On hardened materials you need to counter bore a couple thread leads to prevent thread tear out on the edges...

RE: Thread's chamfer size

Counter-bore or counter-sink?

John R. Baker, P.E. (ret)
EX-'Product Evangelist'
Irvine, CA
Siemens PLM:
UG/NX Museum:

The secret of life is not finding someone to live with
It's finding someone you can't live without

RE: Thread's chamfer size

Bad link...

John R. Baker, P.E. (ret)
EX-'Product Evangelist'
Irvine, CA
Siemens PLM:
UG/NX Museum:

The secret of life is not finding someone to live with
It's finding someone you can't live without

RE: Thread's chamfer size

(OP)
It seems there isn't some definite rules, at least based on the varied answers.
mfgenggear - thanks, I read it carefully but it seems that these chamfers can be afforded when you have a lot of threaded length, but when trying to use these rules when you have a short nut - about third of it is "wasted".

RE: Thread's chamfer size

elinah34
sorry about the broken link. yes the typical for lead in on holes is 1-1/2 threads, for a nut depending on the width it varies.
most of my customer had their own internal requirements. for tapped holes I would use a counter sink , external threads a chamfer.
generally rule of thumb as well as others said internal thread minor diameter plus .015-.020 per surface. in your case need to evaluate
and leave enough threads for strength. I would suggest a small counter sink to assist with the tapping cycle as a lead in.

RE: Thread's chamfer size

elinah34,

What is the context of your question?

Any time I drill and tap a hole, I use a bigger tool, usually a drill, to clean up the edges of the hole. I do this fairly quickly by hand, and I check it for burrs, not dimensions. I don't know what real machinists do. I have never had cause to worry about it.
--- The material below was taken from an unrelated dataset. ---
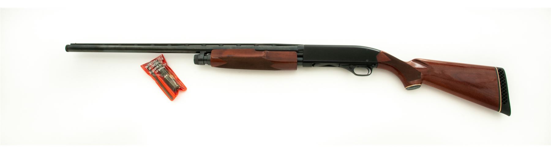 Winchester Model 1300 XTR Pump Action Shotgun, #LX061917, 12 ga. for 2-3/4'' & 3'' shells, 28'' vent rib barrel with three (3) choke tubes, blue finish, checkered pistol-grip mahogany stock, and Whiteline black rubber buttplate. Condition is excellent, appearing as new, with only the slightest marks from handling. Est.: $250-$450. (Modern)

Your drawings should specify that sharp edges and burrs must be removed. If you want to call up a chamfer, call up something that meets your requirement.

--
JHG

RE: Thread's chamfer size

(OP)
I have a low profile 10-32 manufactured nut, and its height is about 3 mm. If you calculate how long the thread is if we follow the guidelines above we will be left with a short thread - less than 3x lpitch

RE: Thread's chamfer size

elinah34,

If this is a nut you are designing, you need to control the number of threads. Perhaps you need a section view specifying the minimum effective thread length. Perhaps you need a thicker nut. Perhaps you need to calculate and specify screw torque. Perhaps you need to specify a high strength material for your nut.

--
JHG

RE: Thread's chamfer size

I agree with Drawoh left out important information. the reason to chamfer or counter sink
lead in for tapping or threading
if no break a sharp thread will be present, and subject to damage
.118 inch (3 mm) thickness may not be sufficient, depending on the application.
OK if we may ask why is this nut so thin.

RE: Thread's chamfer size

(OP)
mfgenggear and drawoh - thank you for your answers. I have a limited space (I have no access to my CAD, since it's in my work's computer, and that's why I don't add a cross section photo for explaining better) in which I have to adjust a custom nut...that's the reason I need a 3 mm height 10-32 custom nut. I know it's not ideal, and I hardly have 3 threads participating in the tightening - but this is a constraint I have to deal with. So limiting the torque might be the compromise.
Is the only aim of the countersink in a threaded hole is easing the engagement of the threads (male and female)? If the answer is yes, I guess the countersink size isn't that important...

RE: Thread's chamfer size

The countersink is not essential, but it does greatly ease the alignment of parts for engagement of the threads and removes the fragile parts of the thread that get easily damaged.